In the copy, include no images. Reproduce the entries exactly.

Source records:
_ _ _

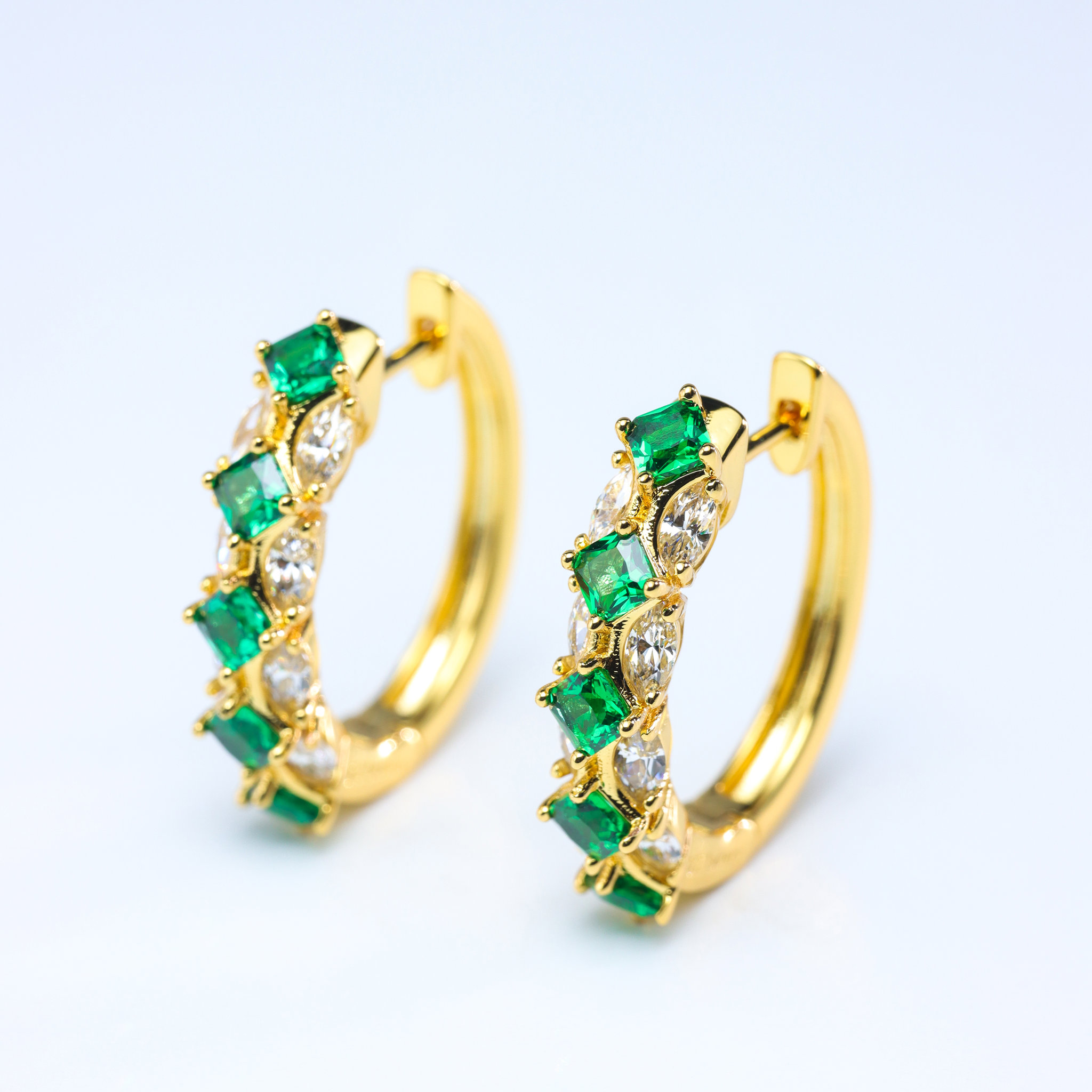 These chic hoop earrings bring a fresh pop of green to your everyday style. Crafted in 18K gold plated metal, each hoop is set with alternating brilliant white cubic zirconia and square-cut green simulated emeralds, creating a bright, colorful sparkle from every angle.
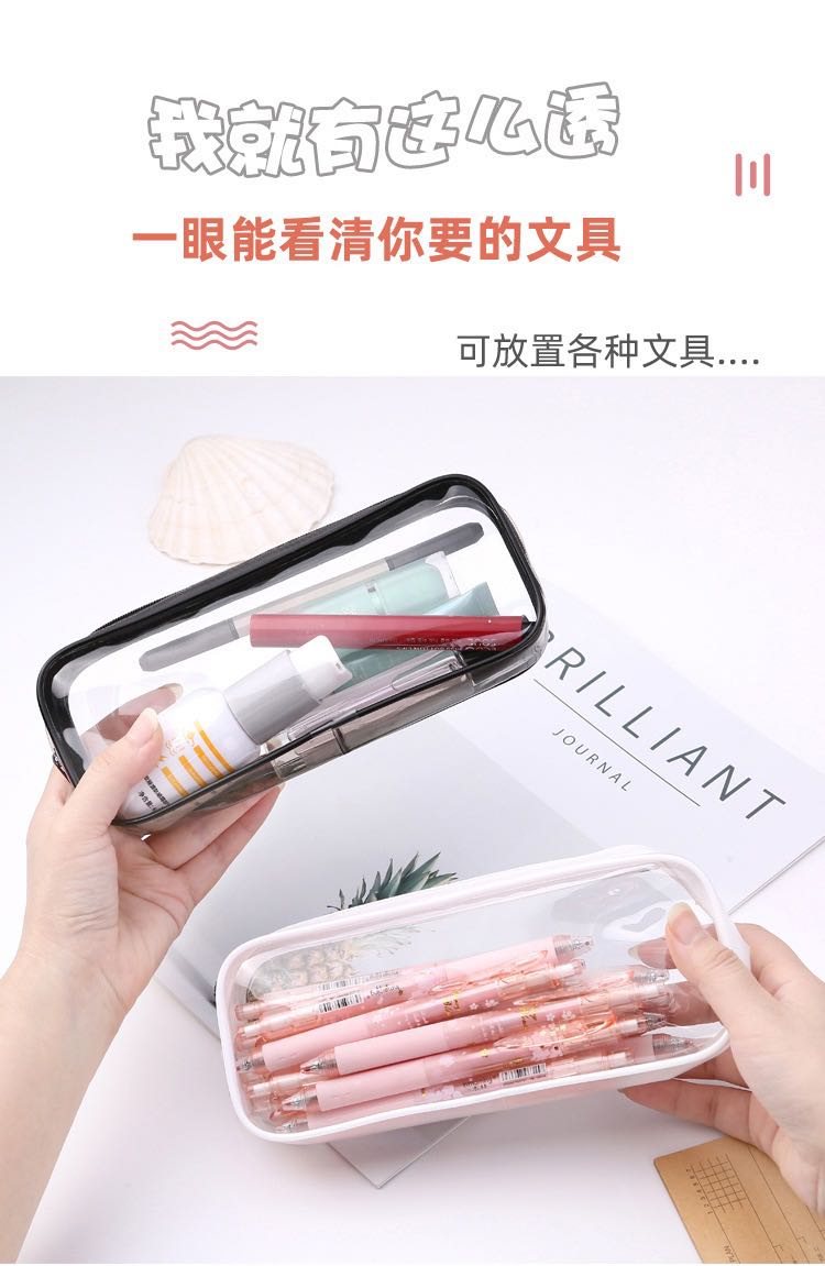 large capacity transparent stain-resistant pencil case stationery case stationery box 中文版
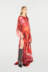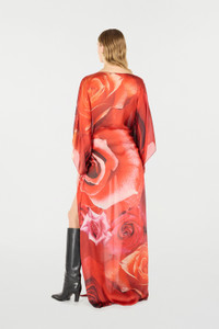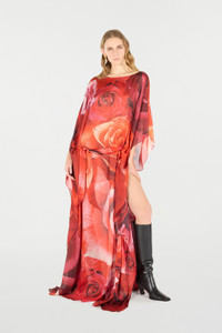 ID: UKT180-CTN48-02000 Express your romantic spirit with this pure silk long dress by Roberto Cavalli featuring a refined all-over maxi rose print, while the deep side slit and wide long sleeves with asymmetrical hem give the design an extra touch of sensuality. Details - Long pure silk dress - All-over maxi-rose print - Long full sleeves with asymmetrical hem - Deep side slit Care & maintenance External fabric:100% Silk
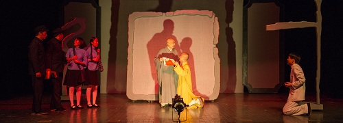 弘一大师不仅是在写字,而且是在以字传法。舞台台唇中央也有一盏灯,它的光束多次穿透半透明的屏风,照出各种各样的正在抄写经书的弘一大师。编剧甚至在弘一大师与一群戏剧社团的学生的一段小事里特地借妙莲法师之口说出了大师字的变换特点。弘一大师不仅第一个提出了戏剧,也发扬戏剧,滋润那一代的年轻人。“但是啊——用文艺改变世界的力量是有限的,充满了无可奈何,这个时代,艺术始终是寄托幻想的载体。”可说着消极的话的弘一大师,可从别人始终否认自己消极的弘一大师,用像那时教导方远“经书要好好抄”的语气说这话时,你丝毫不感到绝望,甚至有一股越来越近的暖流,隔空潺潺流来。山川草木皆是情。
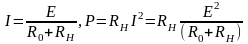 Согласованный режим – соответствует случаю, когда RН=R0 . При таком режиме мощность приёмника максимальна. Ток в цепи и мощность представляются выражениями:
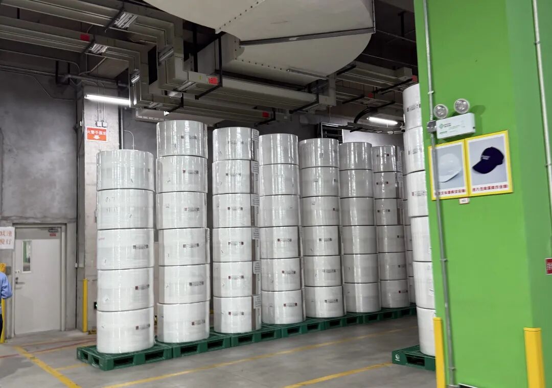 木浆、无纺布,是卫生巾的最重要原料。在苏菲超过两万平米的原材料仓库里,木浆纸卷和无纺布按照入库日期,整齐堆放在置物架上。为了防虫、防蚊,仓库采用全封闭设计,高速防虫卷帘门只在有人经过的时候才会上下开关,灭虫灯和捕鼠板也布置在每个角落。整个仓库的空气正压系统如“无形防护罩”能有效阻止外部虫害和尘埃侵入。

_ _ _

| EXERCISE ANSWER |
 These chic hoop earrings bring a fresh pop of green to your everyday style. Crafted in 18K gold plated metal, each hoop is set with alternating brilliant white cubic zirconia and square-cut green simulated emeralds, creating a bright, colorful sparkle from every angle.
 large capacity transparent stain-resistant pencil case stationery case stationery box 中文版
 ID: UKT180-CTN48-02000 Express your romantic spirit with this pure silk long dress by Roberto Cavalli featuring a refined all-over maxi rose print, while the deep side slit and wide long sleeves with asymmetrical hem give the design an extra touch of sensuality. Details - Long pure silk dress - All-over maxi-rose print - Long full sleeves with asymmetrical hem - Deep side slit Care & maintenance External fabric:100% Silk
 弘一大师不仅是在写字,而且是在以字传法。舞台台唇中央也有一盏灯,它的光束多次穿透半透明的屏风,照出各种各样的正在抄写经书的弘一大师。编剧甚至在弘一大师与一群戏剧社团的学生的一段小事里特地借妙莲法师之口说出了大师字的变换特点。弘一大师不仅第一个提出了戏剧,也发扬戏剧,滋润那一代的年轻人。“但是啊——用文艺改变世界的力量是有限的,充满了无可奈何,这个时代,艺术始终是寄托幻想的载体。”可说着消极的话的弘一大师,可从别人始终否认自己消极的弘一大师,用像那时教导方远“经书要好好抄”的语气说这话时,你丝毫不感到绝望,甚至有一股越来越近的暖流,隔空潺潺流来。山川草木皆是情。
 Согласованный режим – соответствует случаю, когда RН=R0 . При таком режиме мощность приёмника максимальна. Ток в цепи и мощность представляются выражениями:
 木浆、无纺布,是卫生巾的最重要原料。在苏菲超过两万平米的原材料仓库里,木浆纸卷和无纺布按照入库日期,整齐堆放在置物架上。为了防虫、防蚊,仓库采用全封闭设计,高速防虫卷帘门只在有人经过的时候才会上下开关,灭虫灯和捕鼠板也布置在每个角落。整个仓库的空气正压系统如“无形防护罩”能有效阻止外部虫害和尘埃侵入。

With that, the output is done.